:: Exercise ::
All pictures are to be omitted while the lines starting at the line with "către TRANSIT OIL." and ending at the line with "ハイバック肘付き ■レザー張地 ■固定肘 ■ブラック【弊社使用欄:A01037767】" in the material below are retyped exactly, both ends included.

:: Material for this exercise ::
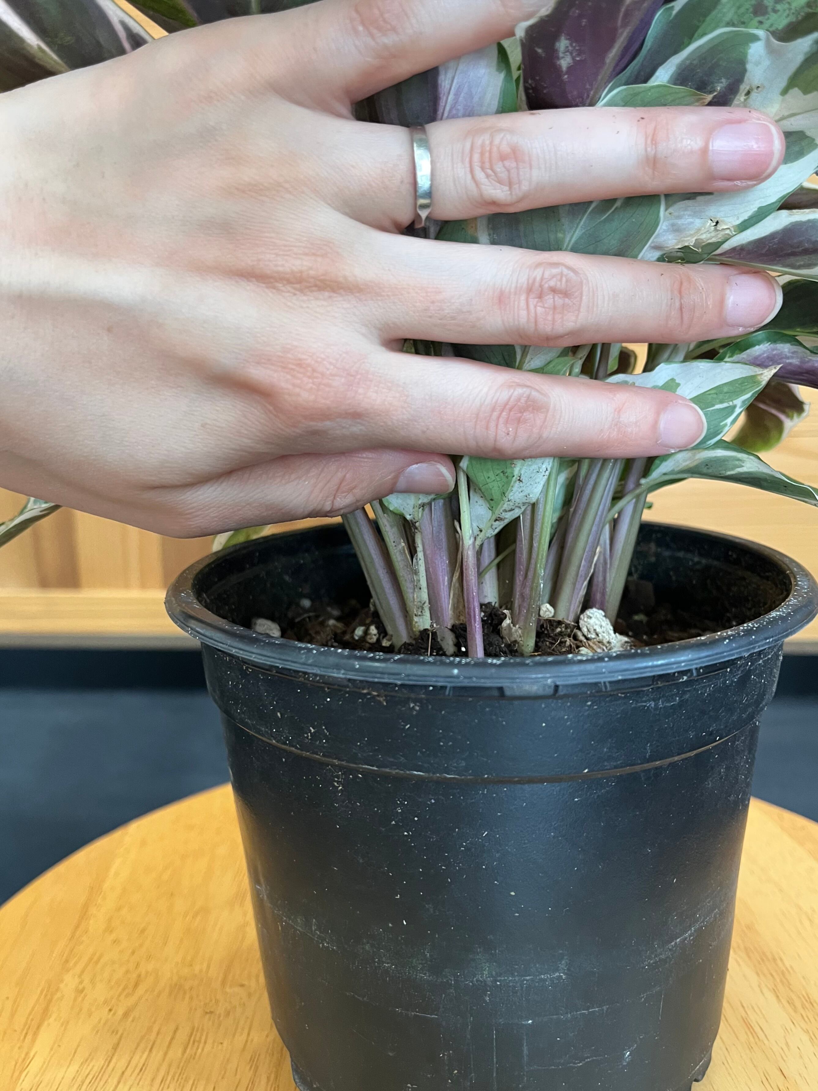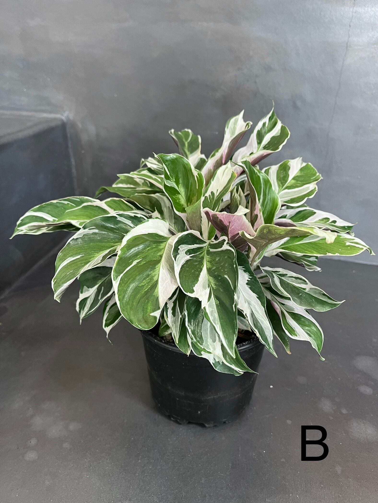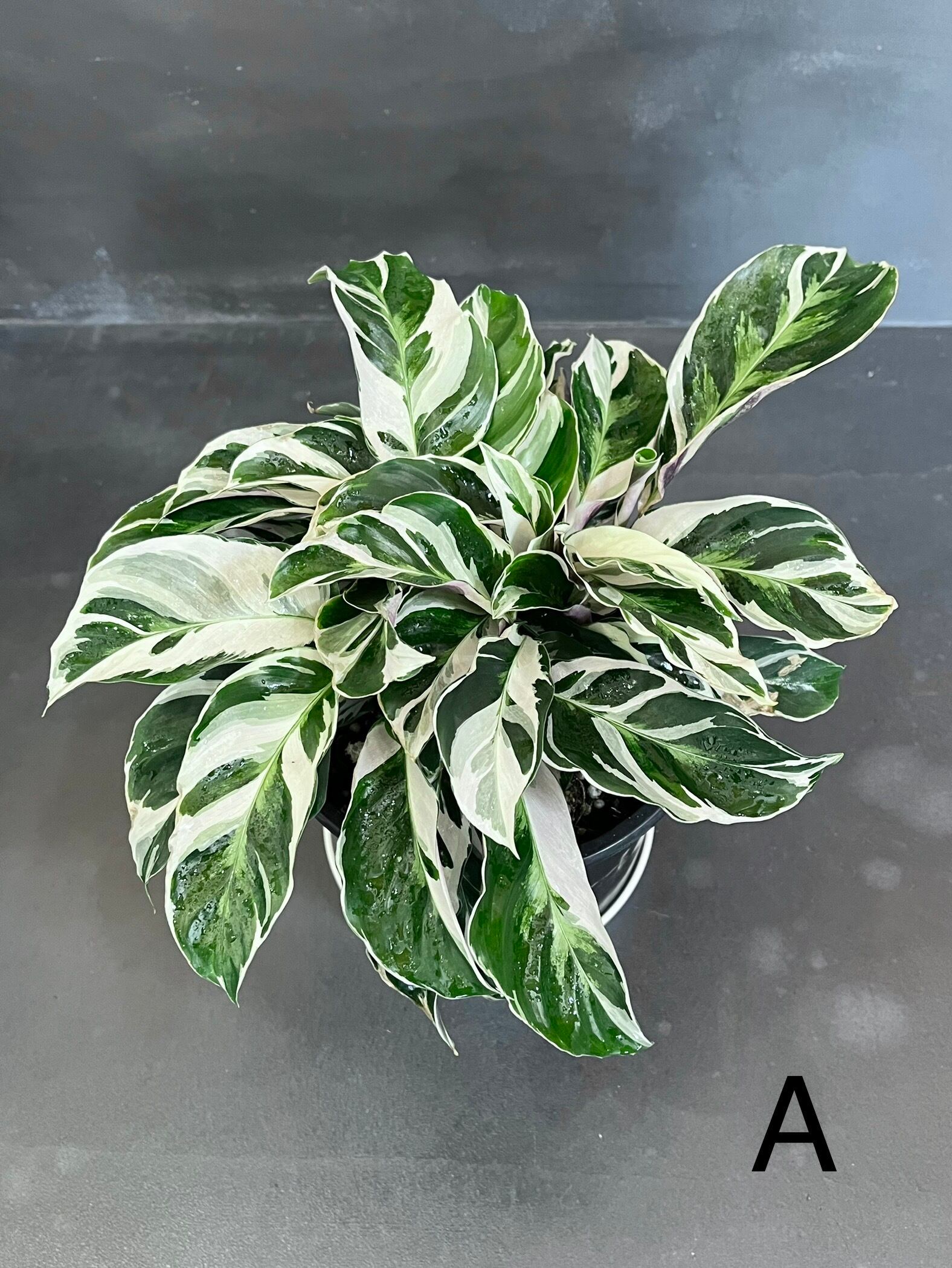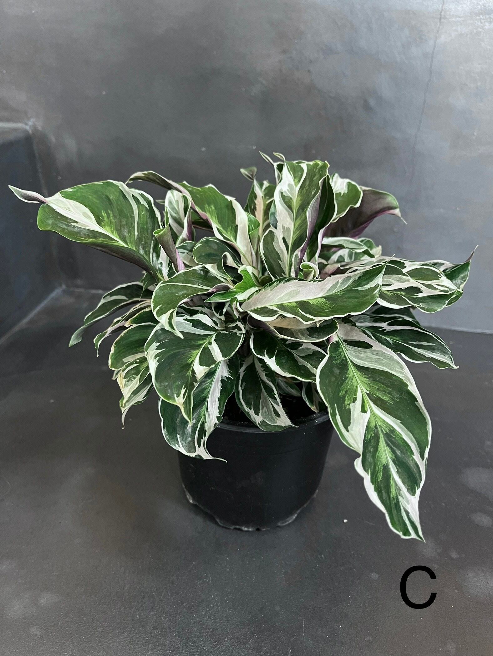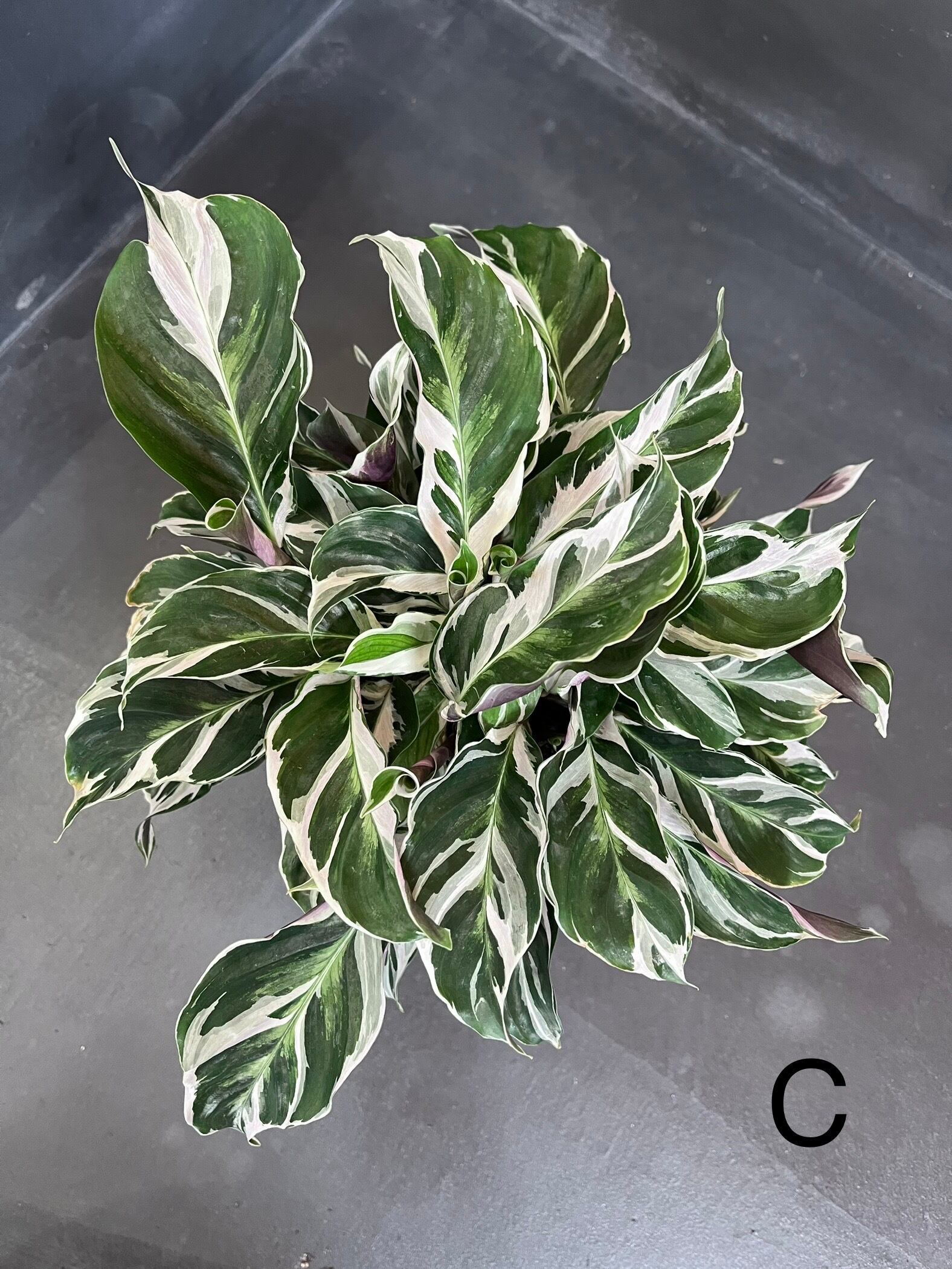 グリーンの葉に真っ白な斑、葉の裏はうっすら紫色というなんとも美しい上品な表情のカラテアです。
* * *
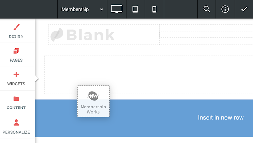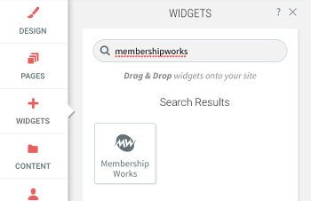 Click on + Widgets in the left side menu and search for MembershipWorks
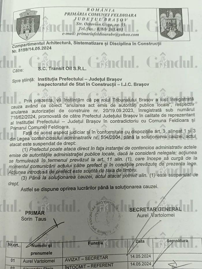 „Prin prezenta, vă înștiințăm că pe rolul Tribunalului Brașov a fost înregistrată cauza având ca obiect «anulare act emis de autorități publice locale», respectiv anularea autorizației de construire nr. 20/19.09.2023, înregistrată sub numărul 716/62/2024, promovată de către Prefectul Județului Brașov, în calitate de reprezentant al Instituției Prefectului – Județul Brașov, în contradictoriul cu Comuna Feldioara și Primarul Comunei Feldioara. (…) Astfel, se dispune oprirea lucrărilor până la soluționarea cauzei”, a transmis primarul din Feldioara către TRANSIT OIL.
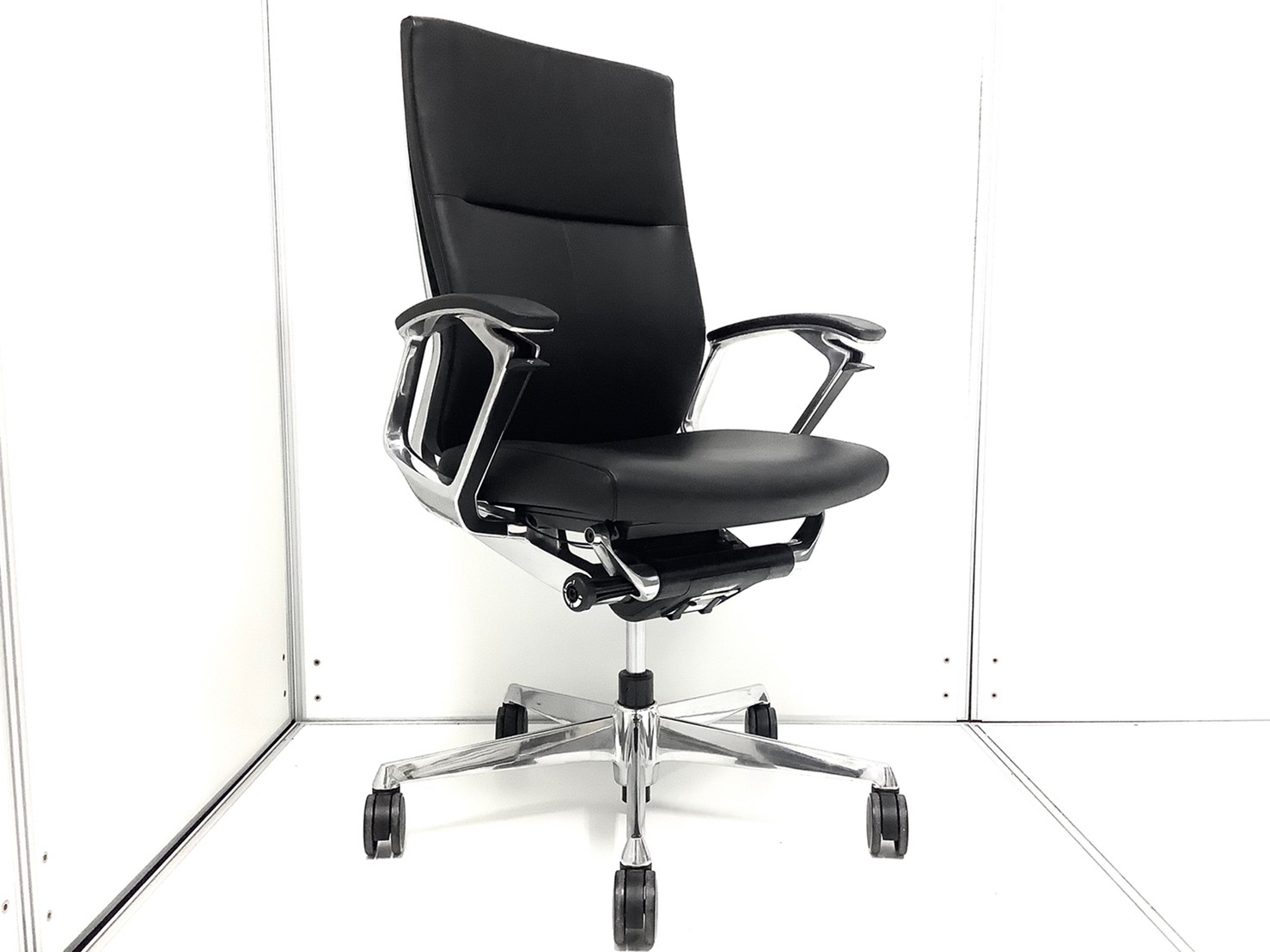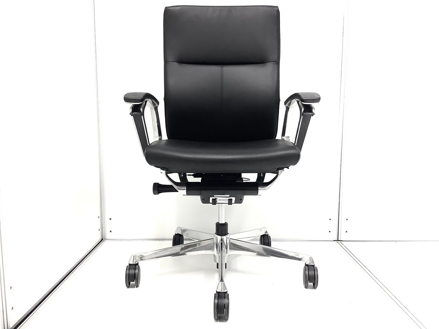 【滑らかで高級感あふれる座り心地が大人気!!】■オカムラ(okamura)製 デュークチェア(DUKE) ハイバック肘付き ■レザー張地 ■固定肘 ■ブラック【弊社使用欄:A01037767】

:: Response ::
 „Prin prezenta, vă înștiințăm că pe rolul Tribunalului Brașov a fost înregistrată cauza având ca obiect «anulare act emis de autorități publice locale», respectiv anularea autorizației de construire nr. 20/19.09.2023, înregistrată sub numărul 716/62/2024, promovată de către Prefectul Județului Brașov, în calitate de reprezentant al Instituției Prefectului – Județul Brașov, în contradictoriul cu Comuna Feldioara și Primarul Comunei Feldioara. (…) Astfel, se dispune oprirea lucrărilor până la soluționarea cauzei”, a transmis primarul din Feldioara către TRANSIT OIL.
 【滑らかで高級感あふれる座り心地が大人気!!】■オカムラ(okamura)製 デュークチェア(DUKE) ハイバック肘付き ■レザー張地 ■固定肘 ■ブラック【弊社使用欄:A01037767】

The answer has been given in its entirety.